Republicans entered 2014 with high hopes of claiming the open Senate seat currently filled by retiring Democrat Tom Harkin, but polls suggest that President Obama’s low approval ratings in Iowa are not translating into support for the GOP candidates.

According to a Quinnipiac poll released Thursday, U.S. Representative Bruce Braley (D-IA) holds comfortable leads over each of his potential Republican opponents:

  • 42 – 30 percent over former U.S. Attorney Matt Whitaker
  • 42 – 29 percent over State Senator Joni Ernst
  • 40 – 31 percent over businessman Mark Jacobs
  • 42 – 27 percent over talk radio host Sam Clovis

Braley is running unopposed for the Democratic nomination, while Republicans will pick their nominee in a June 3 primary. If no candidate earns over 35 percent of the vote in the primary, then the nominee will be picked in a state convention — a scenario that would favor right-wing candidates like Ernst and Clovis, who have strong Tea Party support.

North Carolina
North Carolina’s Senate election — which is expected to be one of the closest in the nation, and could ultimately decide which party claims a Senate majority — is still a tossup, according to a survey released Tuesday by left-leaning Public Policy Polling.

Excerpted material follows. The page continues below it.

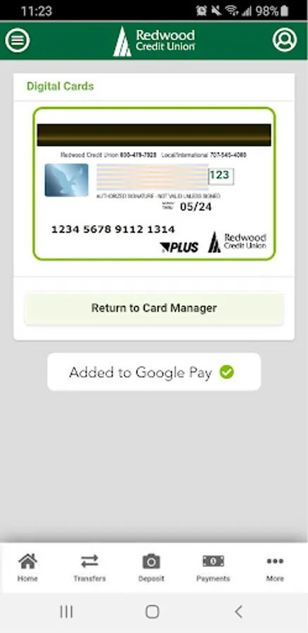 This update gives you the ability to automatically upload your RCU Visa credit and debit cards to your mobile wallet (Google Pay) through the Card Manager menu. If your card is lost, stolen, or affected by fraud, this update also provides immediate access to a digitally issued card which can be used while you wait for your new plastic card to arrive by mail.

The poll finds incumbent Democrat Kay Hagan essentially deadlocked with all of her Republican rivals. She leads:

  • North Carolina state House Speaker Thom Tillis, 45 to 43 percent
  • Retired physician Edward Kryn, 43 to 41 percent
  • Nurse and army veteran Heather Grant, 43 to 42 percent.

Hagan is tied at 43 percent with conservative activist Alex Bradshaw, Baptist minister Mark Harris, and Tea Party-backed obstetrician Greg Brannon. And she trails attorney Jim Snyder 43 to 42 percent, and former Shelby mayor Ted Alexander 45 to 43 percent.

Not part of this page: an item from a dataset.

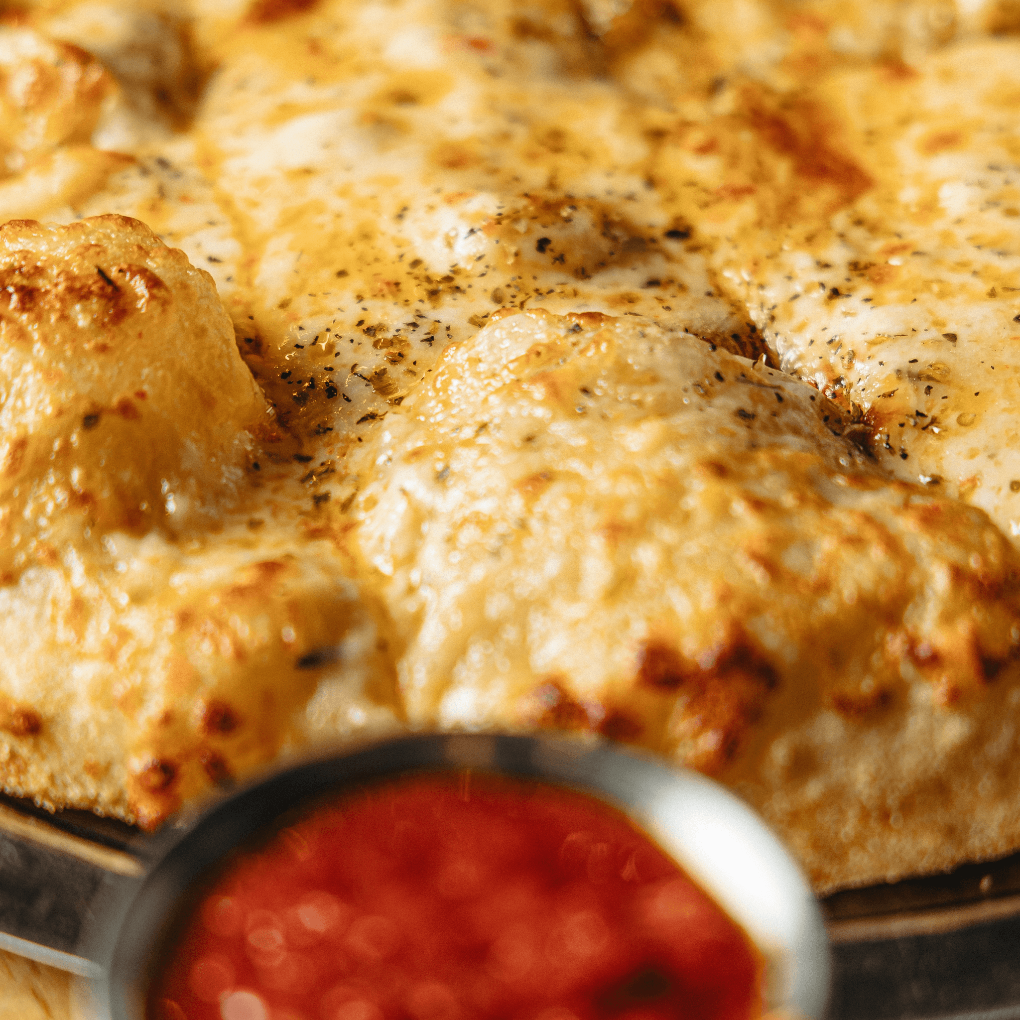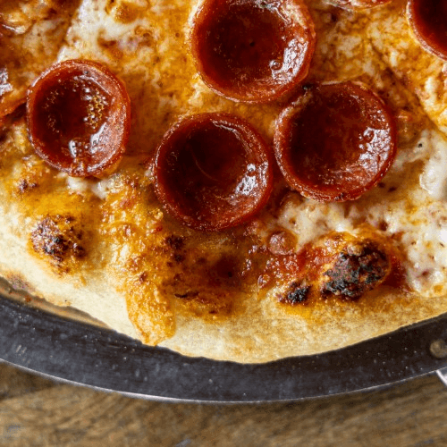mozzarella-provolone cheese blend, meatballs, salami, Italian sausage crumble, spicy cherry peppers

The fight for the Republican nomination is similarly close. Tillis and Brannon are tied for the lead at 14 percent, followed by Grant at 11 percent, Alexander and Harris at 7 percent, Bradshaw at 6 percent, Snyder at 4 percent, and Kryn at 1 percent.

Of the frontrunners, Hagan’s campaign would probably prefer a general election matchup with the gaffe-prone Brannon.

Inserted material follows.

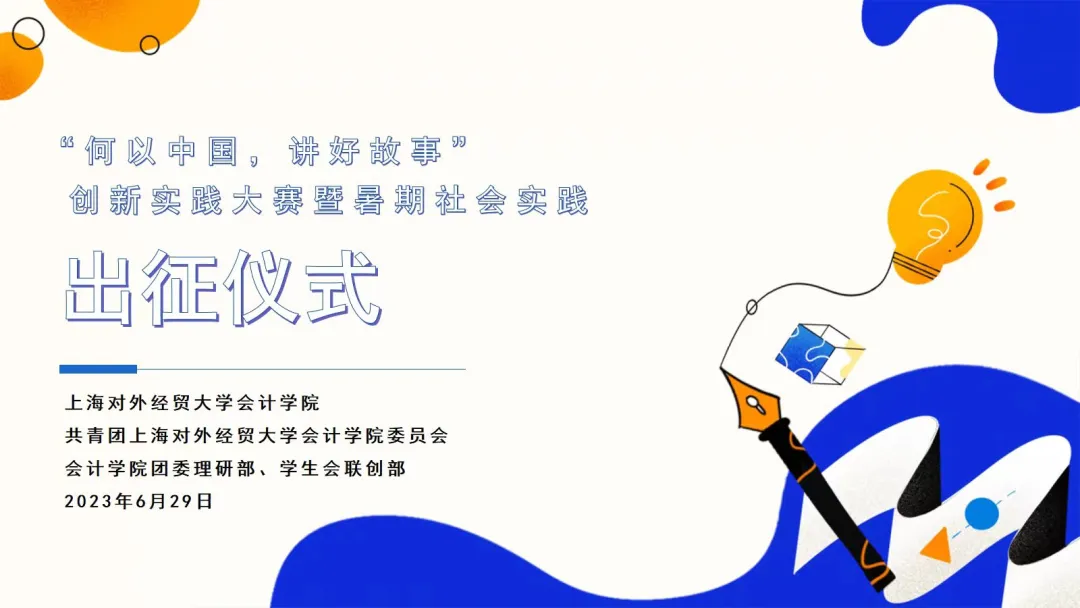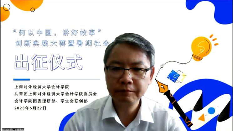 6月29日下午,会计学院“何以中国,讲好故事”创新实践大赛暨暑期社会实践出征仪式在线上举行。校党委副书记、副校长祁明,会计学院党委书记张嵘,会计学院院长裴瑱,会计学院副院长杨慧辉,校团委书记司徒力云,会计学院党委副书记施毅婷,全体指导教师以及全体参赛选手参加本次出征仪式。出征仪式由会计学院学生会联创部负责人虞天鸿主持。

Senator Mark Udall (D-CO) appeared to have an easy path to re-election against failed 2010 candidate Ken Buck — until U.S. Representative Cory Gardner jumped into the race on March 1, pushing Buck out and providing a serious challenge for Udall.

The first poll of the race, from Republican-leaning Rasmussen Reports, finds Udall leading Gardner 42 to 41 percent, well within the +/- 4.5 percent margin of error.

Republicans clearly believe they have a real chance to defeat Udall. As the Associated Press reported on Tuesday, the RNC has reacted to the incumbent senator’s poor poll numbers by doubling the size of its field staff in Colorado, in addition to opening 12 new field offices in the state.

Wisconsin governor Scott Walker may want to run for president in 2016, but first he’ll have to win re-election in November. According to a Rasmussen poll released Wednesday, that’s far from a guarantee.

The poll shows Walker deadlocked at 45 percent with his Democratic opponent, former Wisconsin Secretary of Commerce and Trek Bicycle executive Mary Burke. 5 percent support another candidate, and 5 percent are undecided.

The race is expected to be a hard-fought, negative campaign — both Burke and Walker are already getting hit with attack ads.

That’s nothing new for Walker; November will mark his third gubernatorial election in the past four years.